Oleh: Prof. Dr. H. M. Didi Turmudzi, M.Si, Ketua Umum PB Paguyuban Pasundan (Keadilan Sosial)

BANDUNG, WWW.PASJABAR.COM – Telah dibuktikan oleh Arrow, seorang ekonom dan matematikus yang memperoleh hadiah Nobel, bahwa kalau kita tetap percaya pada model manusia homo economicus dan teori kepuasan dalam teori ekonomi saat ini, kesejahteraan dan keadilan sosial itu pasti tidak ada!

Mengapa para ekonom kurang mau jujur? Mungkin saja, kalau mereka lakukan bisa saja terjadi karirnya tidak berkembang atau jangan-jangan mengalami nasib malang.

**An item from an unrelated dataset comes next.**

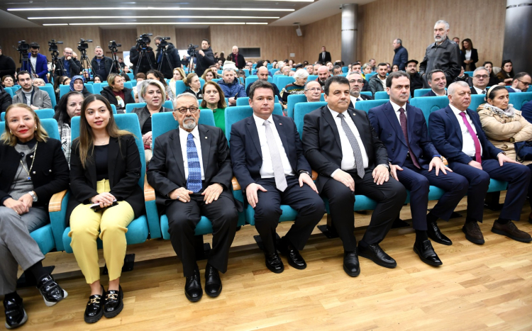 Prof. Dr. Görür’ün konuşması, katılımcılar arasında büyük ilgi uyandırdı ve dikkatle dinlendi. Başkan Aydın, söyleşinin ardından Prof. Dr. Görür’e teşekkür plaketi takdim etti.

Karena itulah sebenarnya para ekonom paling takut berbicara tentang kesejahteraan atau keadilan sosial, karena itu mereka lebih senang menggunakan kata pemerataan, suatu terminologi statistik yang bisa diukur dengan Gini Rasio. Apa itu Gini Rasio? Ya, itulah kemerataan! Tidak, secara fenomenal filosofis, Gini Rasio tidak ada hubungannya dengan keadilan Sosial!

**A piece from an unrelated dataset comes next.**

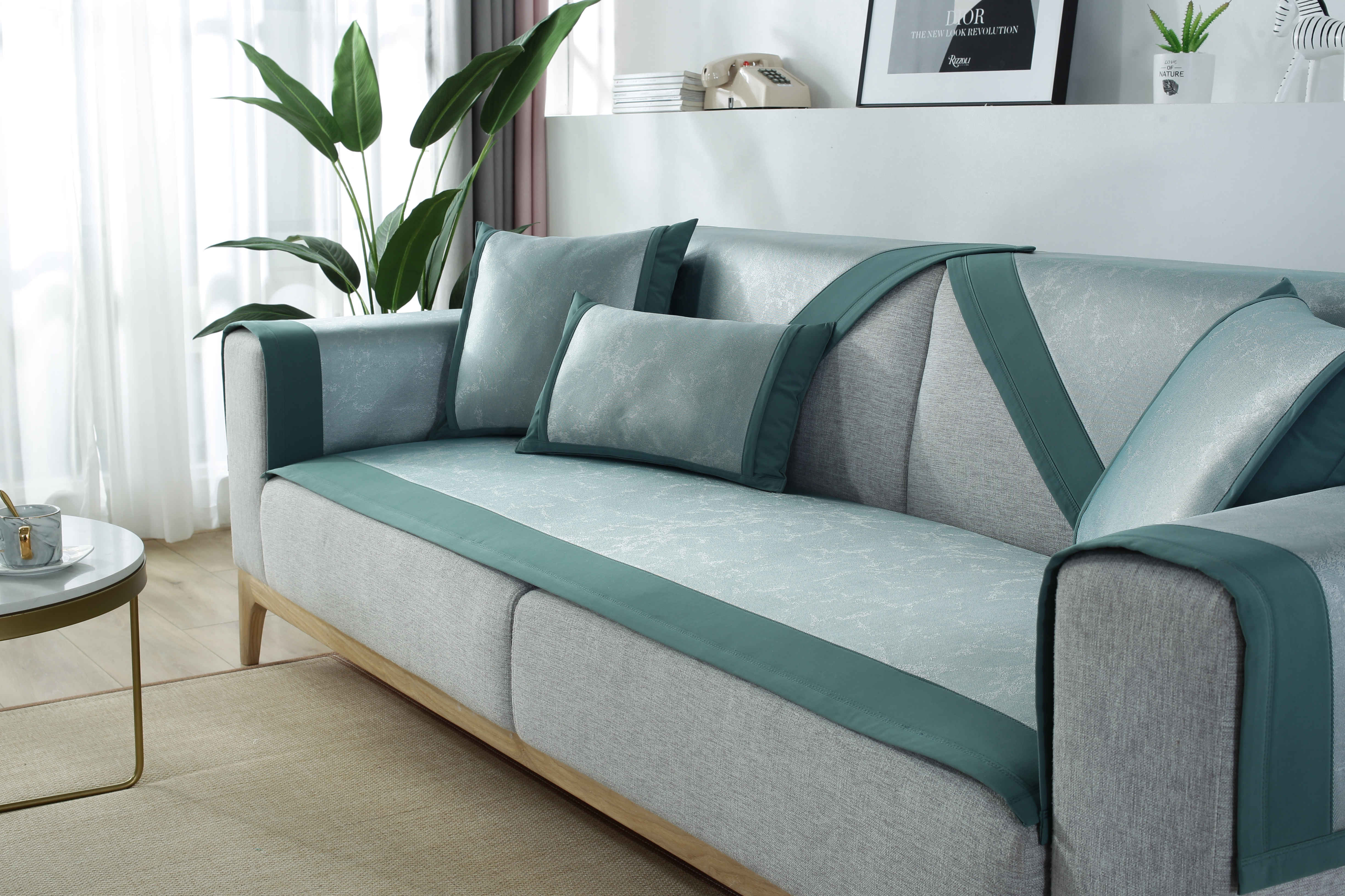 颜色:沁凉舒软沙发垫_大理石纹绿,

Sebenarnya para ekonom telah mempunyai suatu model untuk menunjukan apa itu arti keadilan dalam bentuk kesetimbangan Pareto, tapi mereka tidak mau mengaku bahwa homo economicus mustahil bisa mencapai kesetimbangan Pareto, kecuai melalui asumsi masyarakat bersaing sempurna.

Sebenarnya terjadinya Kesetimbangan Pareto hanya mungkin, tanpa loncatan logika dan asumsi yang kurang tepat, kalau manusia itu mendekati model ideal manusia kreatif. Mustahil manusia homo economicus yang mengejar kepuasan pribadi tanpa dalam kesetimbangan Pareto.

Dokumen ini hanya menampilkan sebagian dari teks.